There were no recriminations. We had to look forward, not back.
As time moved on past eleven o’clock on this second night in the Denmark Strait, six hours into the heavy seas and howling gale, Nige and I found ourselves in the dark, squatting on the
floor, trying to hold on while opening the food sack to grab something to eat – anything. Nige pulled out a crushed and split flapjack. The wrapper was broken and it was wet. He steadied
himself, broke it in two and handed one half to me. I ate it in one.
‘Ooh, I’d love to be in the curry house now,’ Nige gushed, ‘with Hussein and Mohammed and the trolley, laden with murgs and poppadoms! Absolutely lovely!’
He was smiling at me with relish, and for a moment, a brief moment, we were a million miles away.
It had become almost customary that every Sunday we would all go to the Indian restaurant in our local square. Hussein and Mohammed, the waiters, knew our orders by heart.
‘Oh, and don’t forget a bit of extra zing in the korma,’ I would remind them jokingly, while whistling and twiddling my fingers in imitation of adding a bit of extra chilli.
Hussein would laugh, and Shara would roll her eyes; it was always the same old jokes between us. It all felt a long, long way from our small, open boat in this tiny part of the North Atlantic
Ocean. But the memory provided us with a fleeting moment of comfort in the nightmare.
Nige looked back at me. He was tired, I could tell. But he still managed a smile.
Charlie was doing OK, but he was also starting to get really cold. One of the first things the army instils in you is the ability to look after yourself when it gets miserable. It is simple
self-discipline. Charlie was always a really tough and gritty character, but he didn’t have a military background, and his clothing and equipment always seemed to be a bit more chaotic and
disorganized than ours. My stuff is always a mess back home, but somehow, when I am away, I become much more careful and neat. I need to know where everything is. It’s just habit.
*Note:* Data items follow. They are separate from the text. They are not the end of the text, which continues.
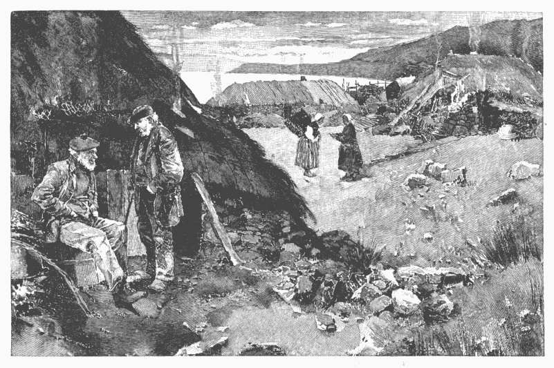 "From here a drive of about four miles brought the visitors to Arebruich—a township fixed in a spot which was surely never intended for human beings. As one passes onwards from Balallan, the soil gradually sinks lower and lower on the north side of the loch until, when Arebruich is reached, it is almost level to the water's edge. The result is that the[xii] land is literally a floating bog, and it is a miracle how the poor people, who labour away at the barren scraps of earth which show some signs of cultivation, manage to get any food raised out of them. A rude, clayish pathway extends for some little distance from the main road, but it soon stops, as if the builders had thrown up the work in disgust. There are sixteen crofts, such as they are, in the township, and these are occupied by twenty-six families. The first house visited was that of John Mackinnon, a stout, good-looking man in spite of his surroundings. He lives on his mother's lot, which is rented at £2.15s., exclusive of taxes. His mother, who is eighty years old, lives, along with an unmarried daughter, in an adjoining house. He paid 35s. two years ago to the factor, but since then he has been able to pay nothing. He fished as a hired man last year at Lybster; but his earnings were so small that when his season's board was paid he had only 9d. left. A friend had to lend him his passage-money. At present he has three barrels of potatoes left, but neither meal nor money. He has two of a family, besides himself and wife. They have to live on potatoes. His mother never got any parochial relief, and she and her daughter have to struggle along as best they can. He has one cow and eight sheep. When the destitution meal was being distributed he got three stones, and his mother an equal quantity. He does not know what to do, and has no prospects whatever. The next house presented a worse case. It was that of Widow Murdo Macleod, a sister of Mackinnon. She said her husband was drowned at Loch Seaforth seven years ago, when they were only ten months married. She had one daughter, who was born shortly after her husband was drowned. She has made her living all these years by knitting and sewing and odd jobs, but never got any help from the Parochial Board, though she applied several times. She has neither land nor stock, and never had any. She generally gets a few potatoes from her brother at harvest time. She has half a barrel on hand at present, and about a stone of meal, the remains of what was got from the destitution fund. She always tried to be industrious, and therefore was never actually in absolute want. She always enjoyed good health, and felt very thankful for it. The hut in which this woman and her daughter[xiii] live is wretchedly poor, and the single bed is barely covered with a thin blanket."[A]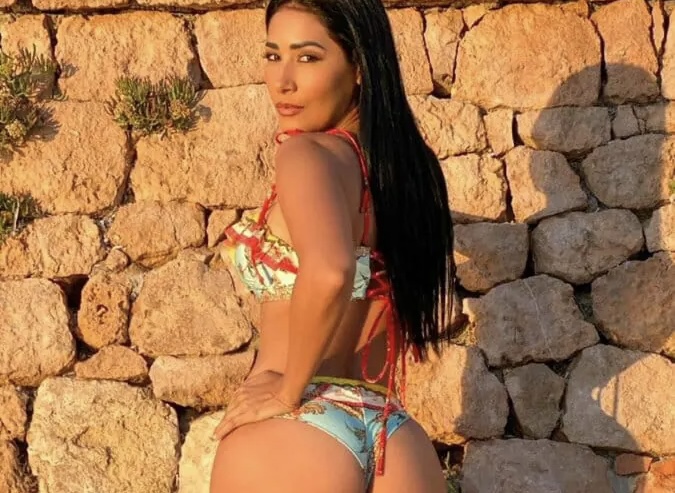 Na imagem em questão, a artista surgiu usando um biquíni florido cavado, enquanto destacava seu bumbum avantajado para o público.
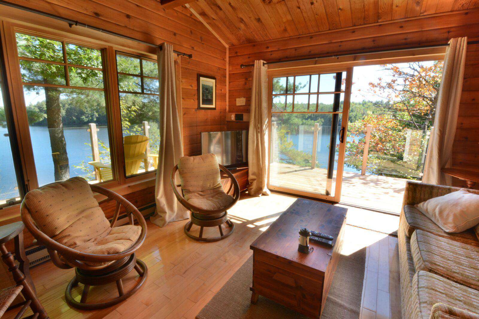 Spoil your guests with the King size bedroom in the bunkie. The bunkie also has a comfortable living room with a wood burning fireplace, kitchen with full-sized fridge, oven and microwave and brand new bathroom with shower. Enjoy the view with its private deck off the Bunkie overlooking the waterfront. It is great for grandparents while the new generations reside in the Main Cottage.

However, as a result, Charlie had to put up with much worse conditions than the rest of us. His spare gloves, for example, were soaking long before ours. He hadn’t had them wrapped up well
enough in their waterproofing. But he never seemed to grumble. He just got on with it.
For so much of the expedition, Charlie had an almost impossible task. Filming under these conditions was nigh on impossible. Yet despite this, I would often see him fumbling with a radio
microphone with cold, shaky fingers, trying to stuff it into its waterproof housing. But no sooner had he taped it to the console or elsewhere, then a wave would tear it loose. Sea-water is a
killer to sensitive electronic equipment, and it is a tribute to Charlie that in the early stages of the storm he was filming at all. Despite his best efforts, the bottom line was that, whenever
conditions reached gale-force, we were fighting for our lives and neither photography nor filming was possible. The world around us was black and soaking, accompanied by a 120-decibel soundtrack.
Not quite ideal lighting or sound conditions.
Still so far from land, our condition was getting serious. We were moving into survival mode. We were nervously fumbling for our harnesses in the dark, feeling them beneath us, concentrating on
what we were doing. There was no room for error: fuel readings had to be correct, helming needed to be perfect. One bad reaction could breach the boat in these seas. It was the blackest of nights,
and the conditions were still deteriorating.